Put another way, tax planning means deferring and flat out avoiding taxes by taking advantage of beneficial tax-law provisions, increasing and accelerating tax deductions and tax credits, and generally making maximum use of all applicable breaks available under our beloved Internal Revenue Code.
While the federal income tax rules are now more complicated than ever, the benefits of good tax planning are arguably more valuable than ever before.
Of course, you should not change your financial behavior solely to avoid taxes. Truly effective tax planning strategies are those that permit you to do what you want while reducing tax bills along the way.
How are tax planning and financial planning connected?
Financial planning is the art of implementing strategies that help you reach your financial goals, be they short-term or long-term. That sounds pretty simple. However, if the actual execution was simple, there would be a lot more rich folks.
Tax planning and financial planning are closely linked, because taxes are such a large expense item as you go through life. If you become really successful, taxes will probably be your single biggest expense over the long haul. So planning to reduce taxes is a critically important piece of the overall financial planning process.

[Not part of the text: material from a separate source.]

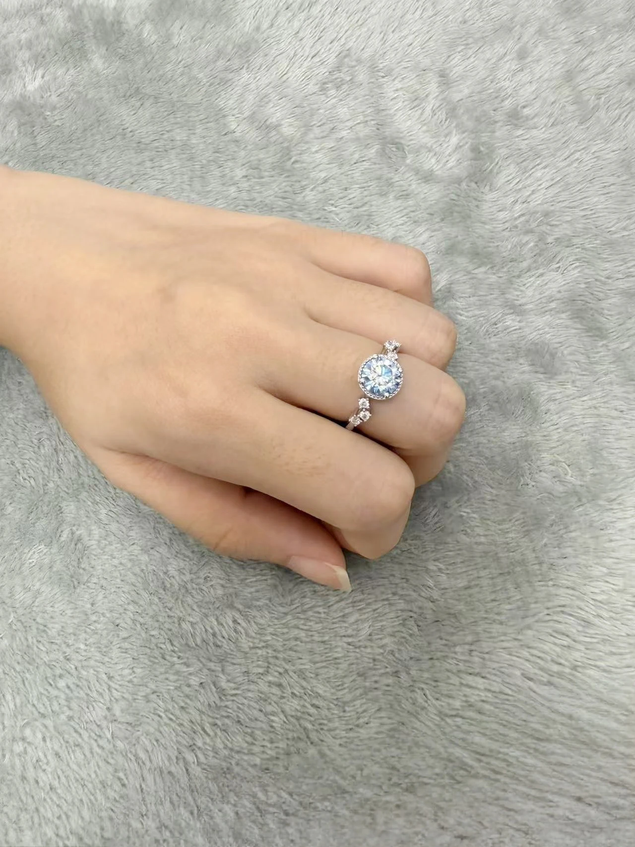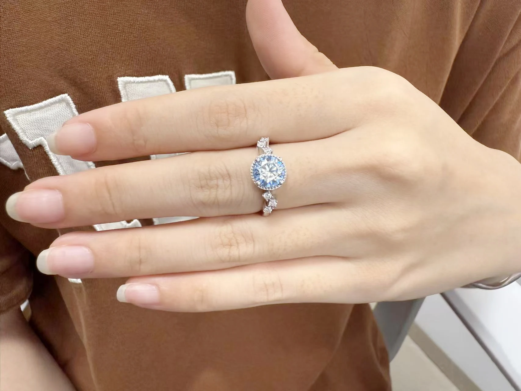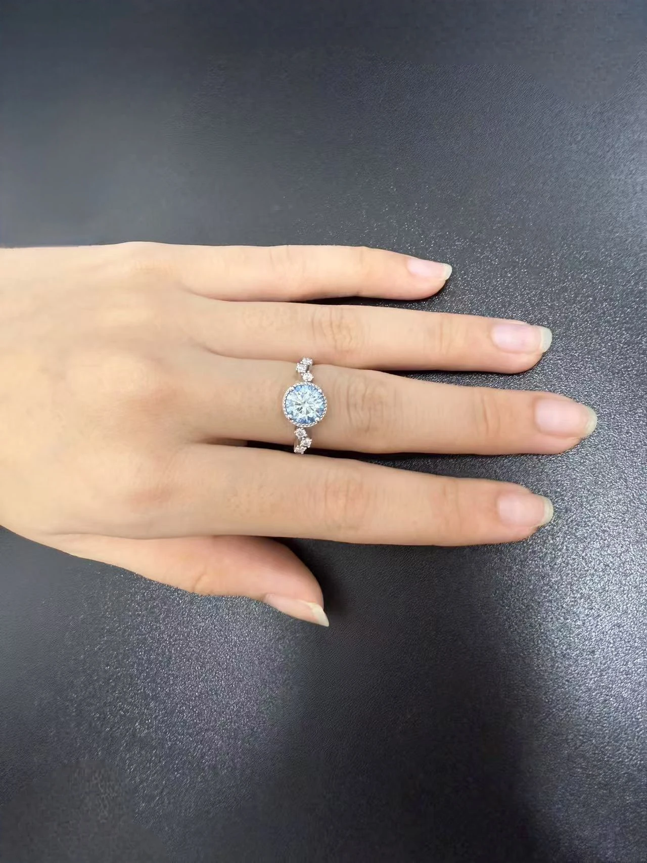 Fine Jewelry Platinum Plated 7.5 Carats Blue Diamond Mossanite Luxury Fashion Rings for Women Engagement Wedding Rings

Over the years as a tax pro, I have been amazed at how many people fail to get the message about tax planning until they commit a grievous blunder that costs them a bundle in otherwise avoidable taxes. Then they finally get it. The trick is to make sure you don’t have to learn this lesson the hard way. To illustrate the point, consider the following example.

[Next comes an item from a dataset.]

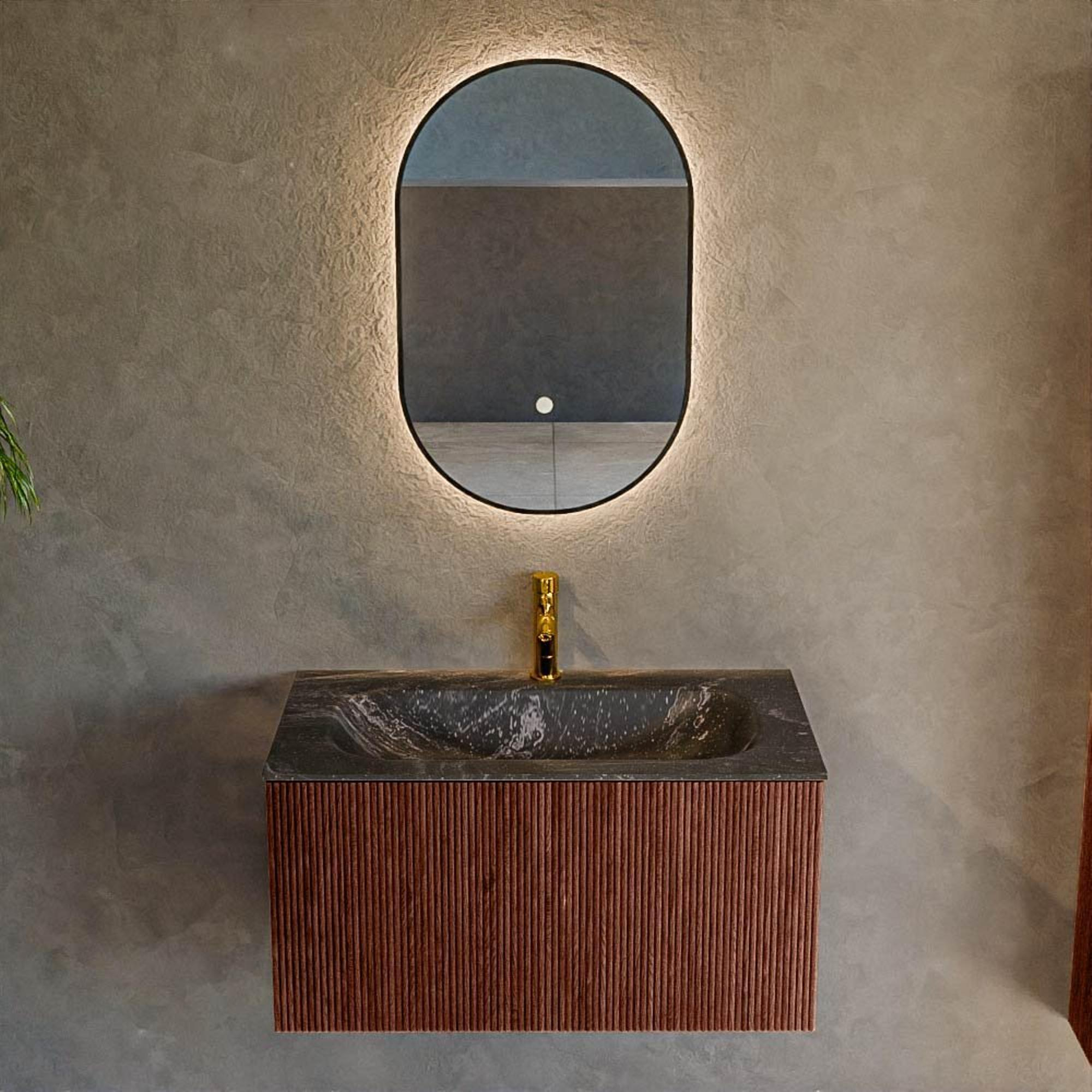 ÉlégantL'élégance de ce meuble de salle de bain n'est pas seulement visible mais aussi palpable. Le design épuré crée une apparence calme qui apporte équilibre et harmonie à votre salle de bain. La finition subtile et le choix d'une teinte plus profonde donnent une apparence raffinée. Les formes lisses du lavabo sont exceptionnellement élégantes et dégagent un certain luxe, ce qui signifie que vous créez un espace à la fois accueillant et relaxant. Cette élégance est encore soulignée par les matériaux de haute qualité utilisés dans la production du meuble. Les matériaux de solid surfaces non seulement offrent une apparence luxueuse, mais sont également conçus pour résister à l'épreuve du temps, vous permettant de profiter pendant des années de cette beauté esthétique dans votre salle de bain.

Example: Josephine is a 45-year-old unmarried professional person. She considers herself to be financially astute. However, she is not well-versed on taxes. One day, Josephine meets Joe, and they quickly decide to get married. Caught up in the excitement of a whole new life, Josephine impulsively sells her home shortly before the marriage. The property is in a great area and has appreciated by $500,000 since she bought it 15 years ago. She intends to move into Joe’s home, which is a dump, but Josephine is a proven genius at remodeling, and she plans to work her usual magic on Joe’s property.

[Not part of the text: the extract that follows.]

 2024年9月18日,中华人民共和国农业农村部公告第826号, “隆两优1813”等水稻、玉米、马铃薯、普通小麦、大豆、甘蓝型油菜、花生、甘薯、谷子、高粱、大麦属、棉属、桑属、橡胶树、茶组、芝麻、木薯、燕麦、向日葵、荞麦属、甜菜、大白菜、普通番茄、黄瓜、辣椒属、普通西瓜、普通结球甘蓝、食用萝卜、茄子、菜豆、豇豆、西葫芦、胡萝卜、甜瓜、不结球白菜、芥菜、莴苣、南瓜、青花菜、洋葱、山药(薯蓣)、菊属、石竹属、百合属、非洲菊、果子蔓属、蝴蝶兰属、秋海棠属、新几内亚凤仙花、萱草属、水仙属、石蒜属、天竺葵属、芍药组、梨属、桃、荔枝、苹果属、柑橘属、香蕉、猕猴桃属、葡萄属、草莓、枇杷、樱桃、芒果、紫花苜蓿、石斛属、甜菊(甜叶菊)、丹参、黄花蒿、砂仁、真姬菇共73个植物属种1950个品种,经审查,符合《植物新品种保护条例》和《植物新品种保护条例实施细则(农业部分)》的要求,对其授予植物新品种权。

Result without tax planning: For federal income tax purposes, Josephine has a whopping $250,000 gain on the sale of her home ($500,000 profit minus the $250,000 home sale gain exclusion allowed to unmarried sellers).
Result with tax planning: If Josephine had instead kept her home and lived there with Joe for two years before selling, she could have taken advantage of the larger $500,000 home sale gain exclusion available to married joint-filers and thereby permanently avoided $250,000 of taxable gain. If necessary, Joe’s home could have been sold instead of Josephine’s. Alternatively, Joe’s property could have been retained, and the couple could have worked on remodeling it while still living in Josephine’s home for the requisite two years.
Moral of the story? By selling her home without considering the tax-smart alternative, Josephine cost herself $62,500 in taxes (completely avoidable $250,000 gain taxed at an assumed combined federal and state rate of 25%). This is a permanent difference, not just a timing difference. The point is, you cannot ignore taxes. If you do, bad things can happen, even with a seemingly intelligent transaction.
The last word
There are many other ways to commit expensive tax blunders. Like selling appreciated securities too soon when hanging on for just a little longer would have resulted in lower-taxed long-term capital gains instead of higher-taxed short-term gains; taking retirement account withdrawals before age 59½ and getting hit with the 10% premature withdrawal penalty tax; or failing to arrange for payments to an ex-spouse to qualify as deductible alimony; the list goes on and on.
The cure is to plan transactions with taxes in mind and avoid making impulsive moves. Seeking professional tax advice before pulling the trigger on significant transactions is usually money well spent.